AIM OF THE TASK - Every line of the data should be written out exactly, with the pictures left out.

PROVIDED MATERIAL -
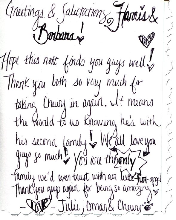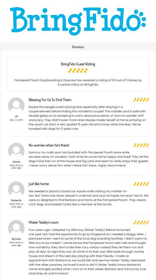 I believed many others felt the same, so twenty-one years ago I decided to offer "in home" day care and boarding. The dogs that come to us share our family life just like our own dogs, which means plenty of love and attention and no kennels. Plus they have a large, fenced-in back yard to run and play in with direct access to the house.
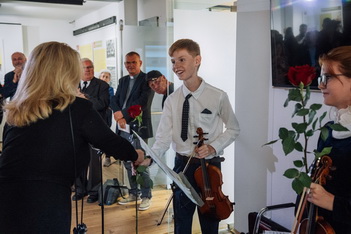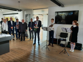 Významní hostia vrátane exprezidentky p. Čaputovej. Husľový virtuóz p. Imrich Farkaš s p. Varhaníkovou Prítomní predstavitelia katolíckej cirkvi. Otvorenie výstavy Munkovcov. Klaňačky po úspešnom vystúpení. Spoločné foto účinkujúcich. Ešte jeden hudobný prídavok. mladá huslistka Katarína Všetečková prijíma gratuláciu P. exprezidentka blahoželá reprezentantom Nitry Vatikánsky nuncius Mons. Girasoli vyjadril poďakovanie Výstava o rodine Munkovcov so svojim tragickým príbehom.
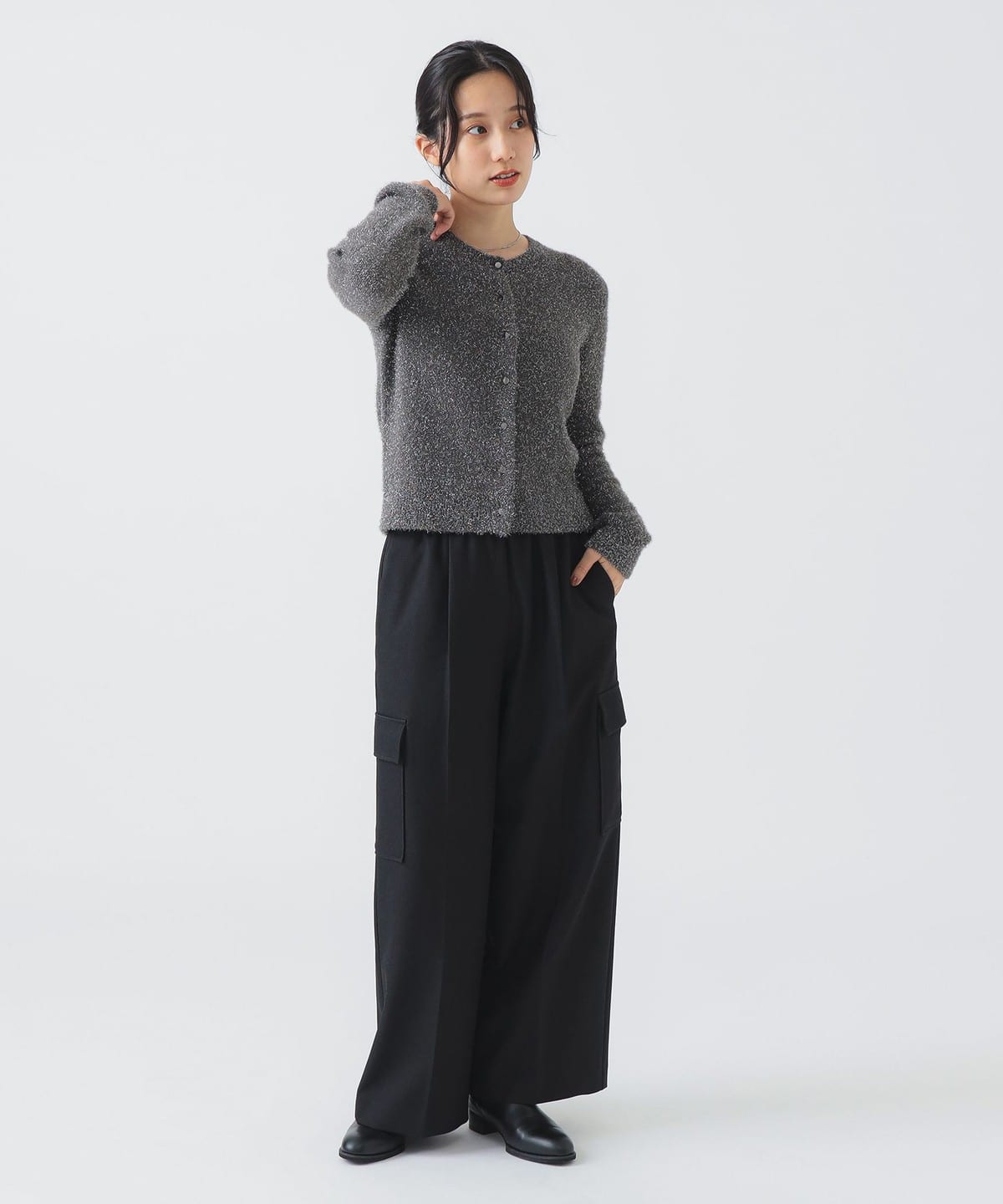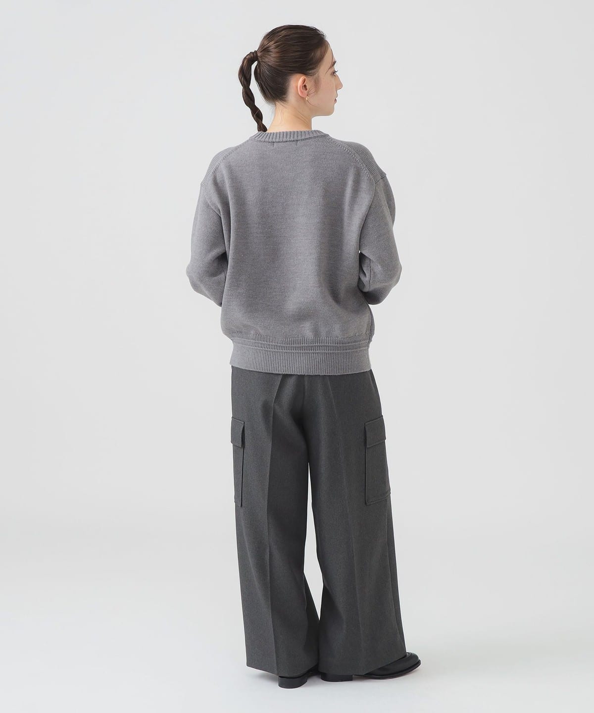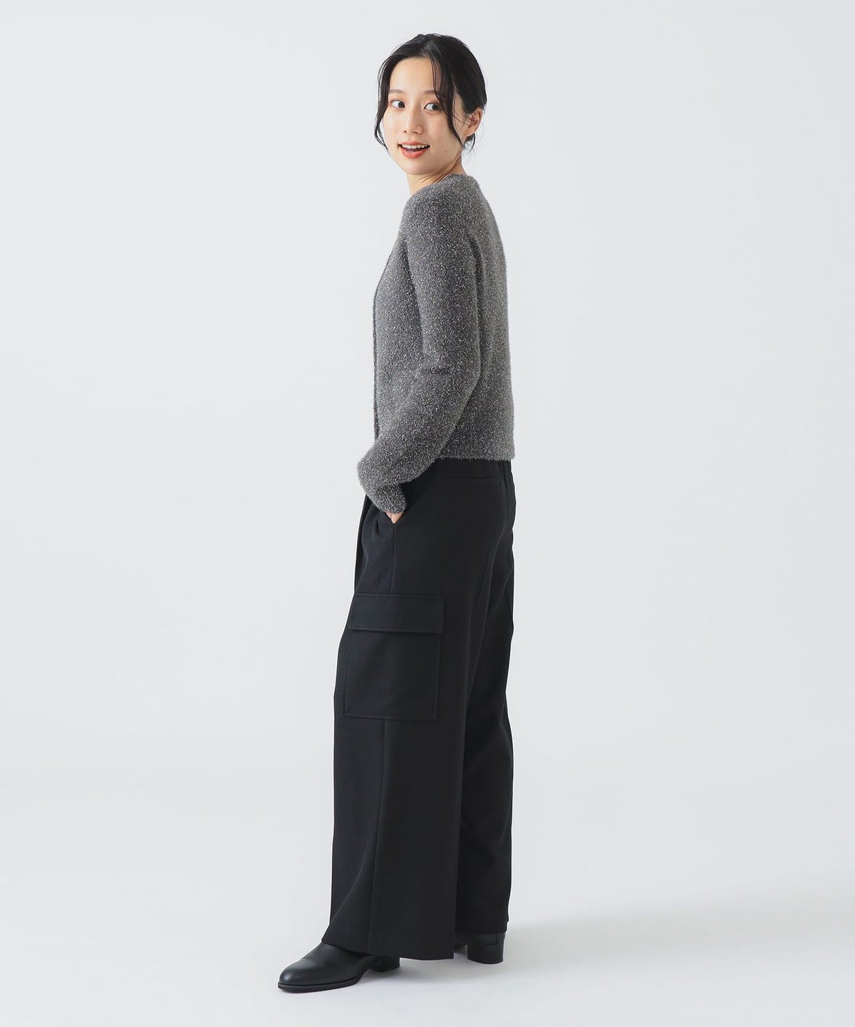 와이드한 실루엣의 카고 팬츠. 허리 고무 밸트로 편안한 착용감입니다. 울처럼 보이는 폴리에스테르 소재로 가볍고 관리가 쉽습니다.
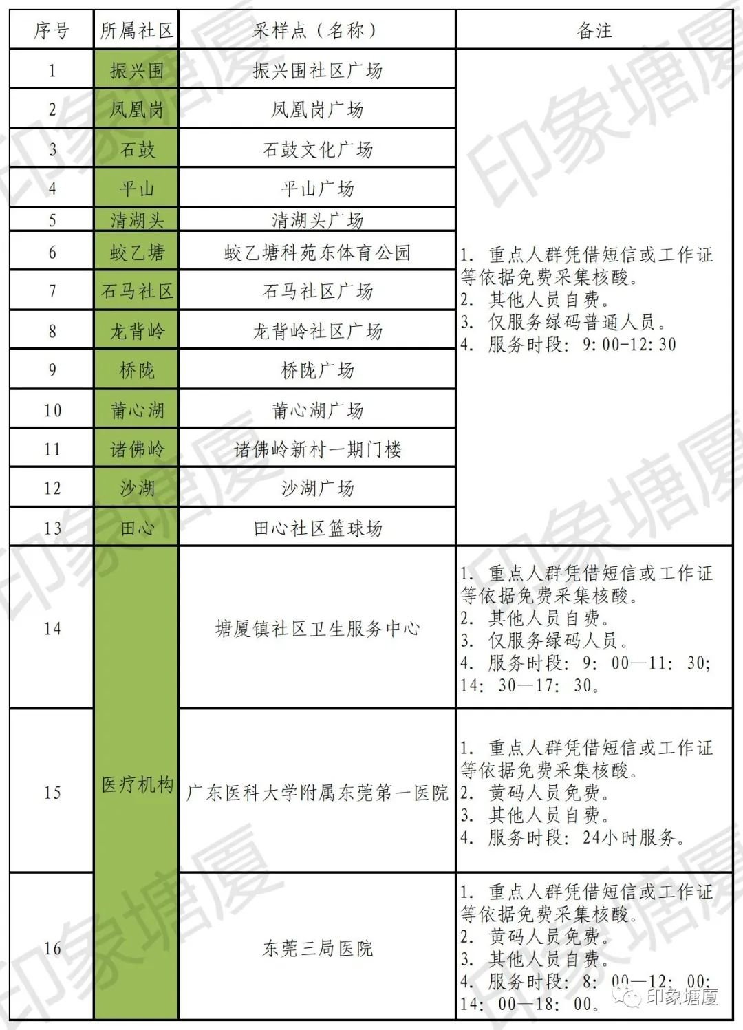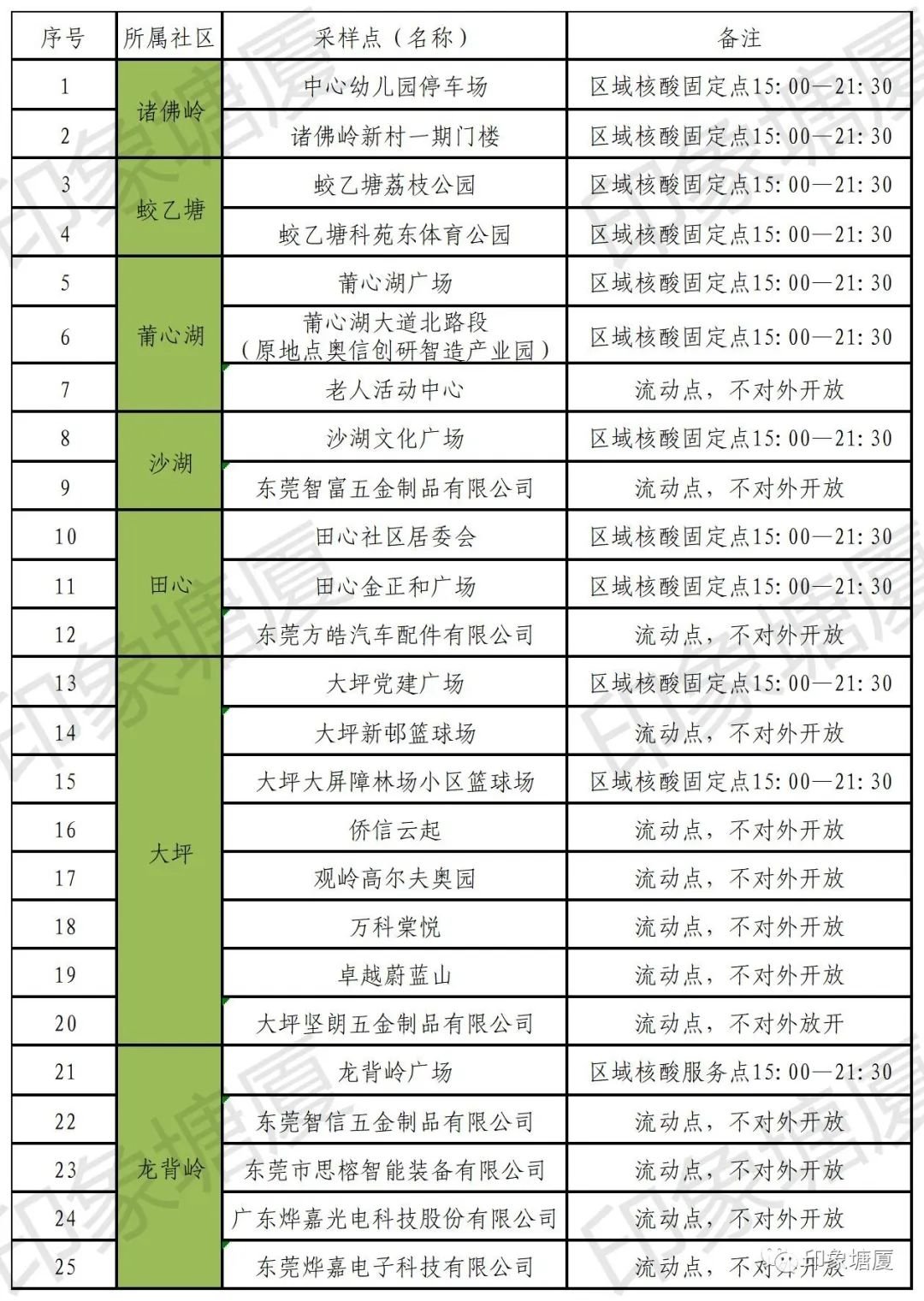 请以上属地社区辖区范围内户籍人口、常住人口、来(返)塘厦人员积极参与核酸,其他社区市民群众也可以跨区参与核酸检测,坚持应检必检、不漏一户、不落一人。

SOLUTION FOR THIS EXERCISE -
 I believed many others felt the same, so twenty-one years ago I decided to offer "in home" day care and boarding. The dogs that come to us share our family life just like our own dogs, which means plenty of love and attention and no kennels. Plus they have a large, fenced-in back yard to run and play in with direct access to the house.
 Významní hostia vrátane exprezidentky p. Čaputovej. Husľový virtuóz p. Imrich Farkaš s p. Varhaníkovou Prítomní predstavitelia katolíckej cirkvi. Otvorenie výstavy Munkovcov. Klaňačky po úspešnom vystúpení. Spoločné foto účinkujúcich. Ešte jeden hudobný prídavok. mladá huslistka Katarína Všetečková prijíma gratuláciu P. exprezidentka blahoželá reprezentantom Nitry Vatikánsky nuncius Mons. Girasoli vyjadril poďakovanie Výstava o rodine Munkovcov so svojim tragickým príbehom.
 와이드한 실루엣의 카고 팬츠. 허리 고무 밸트로 편안한 착용감입니다. 울처럼 보이는 폴리에스테르 소재로 가볍고 관리가 쉽습니다.
 请以上属地社区辖区范围内户籍人口、常住人口、来(返)塘厦人员积极参与核酸,其他社区市民群众也可以跨区参与核酸检测,坚持应检必检、不漏一户、不落一人。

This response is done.